## [What this task involves]
Below this line are records; write out exactly the lines from the one containing "1. Trennwände mit" through the one containing "A radiant tree, its", with the pictures left out.
*****
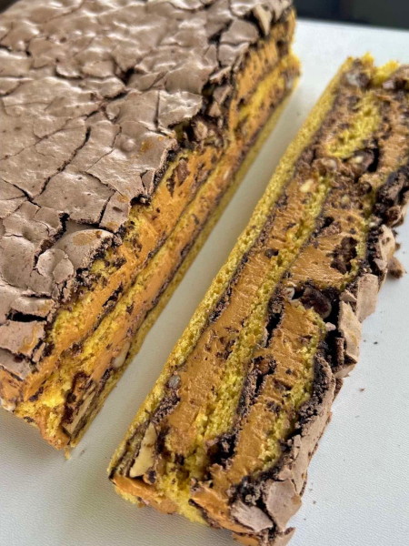 Пляцок складається з пісочних коржів, білково-шоколадної меренги, в середині шоколад і горіхи, я додала ще арахісу жменьку. Перемащений масляний кремом зі згущеним молоком. Це один з найсмачніших.
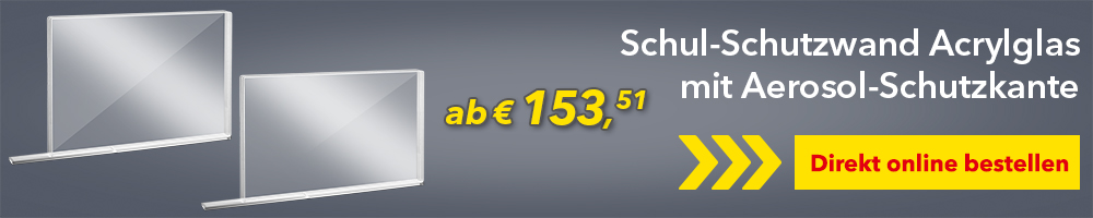 1. Trennwände mit Aerosol-Schutzkante machen das Tragen von Masken überflüssig. Transparente Schutzwände zwischen den Sitzplätzen verhindern, dass sich die Schüler durch umherfliegende Tröpfchen oder bei der Atmung freigesetzte Aerosole des direkten Tischnachbarn mit dem Covid-19-Erreger infizieren. Die glasklaren Trennwände mit Aerosol-Schutzkante bieten einen zuverlässigen Schutz vor größeren Tröpfchen und verhindern zudem, dass die von den Schülern ausgeatmeten Aerosole die Trennwand überwinden und zum Sitznachbarn schweben. Das Tragen einer Maske ist nicht mehr erforderlich. Lediglich beim Verlassen des Platzes muss eine Maske getragen werden.
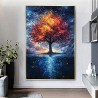 A radiant tree, its crimson leaves glowing like embers, stands beneath a sky dusted with stardust. The contrast of fiery hues against the midnight canvas creates an atmosphere of mystery and wonder—a perfect piece for those who long for enchantment in their space.
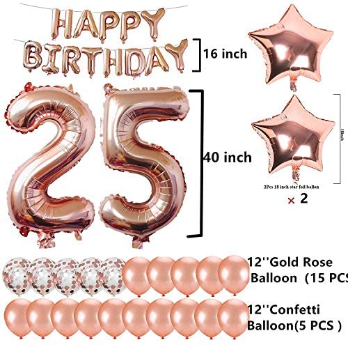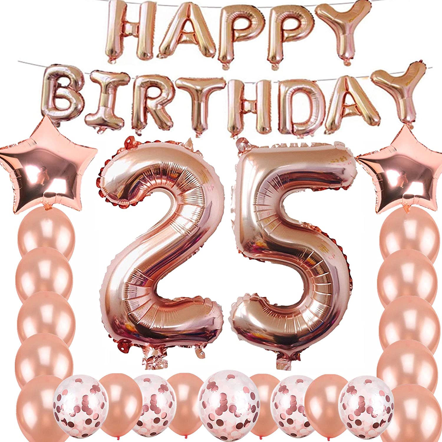 25th Birthday Decorations Party Supplies, Jumbo Rose Gold Foil Balloons for Birthday Party Supplies,Anniversary Events Decorations and Graduation Decorations Sweet 25 Party,25th Anniversary
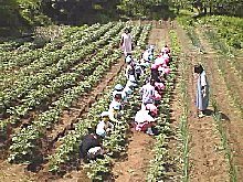 子どもたちが余裕で歩けるように間隔を広くしていますが,かなり踏み固められて固そうな畑になっています。 |
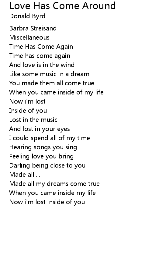 | Song | Love Has Come Around |
*****
## [Result for this task]
 1. Trennwände mit Aerosol-Schutzkante machen das Tragen von Masken überflüssig. Transparente Schutzwände zwischen den Sitzplätzen verhindern, dass sich die Schüler durch umherfliegende Tröpfchen oder bei der Atmung freigesetzte Aerosole des direkten Tischnachbarn mit dem Covid-19-Erreger infizieren. Die glasklaren Trennwände mit Aerosol-Schutzkante bieten einen zuverlässigen Schutz vor größeren Tröpfchen und verhindern zudem, dass die von den Schülern ausgeatmeten Aerosole die Trennwand überwinden und zum Sitznachbarn schweben. Das Tragen einer Maske ist nicht mehr erforderlich. Lediglich beim Verlassen des Platzes muss eine Maske getragen werden.
 A radiant tree, its crimson leaves glowing like embers, stands beneath a sky dusted with stardust. The contrast of fiery hues against the midnight canvas creates an atmosphere of mystery and wonder—a perfect piece for those who long for enchantment in their space.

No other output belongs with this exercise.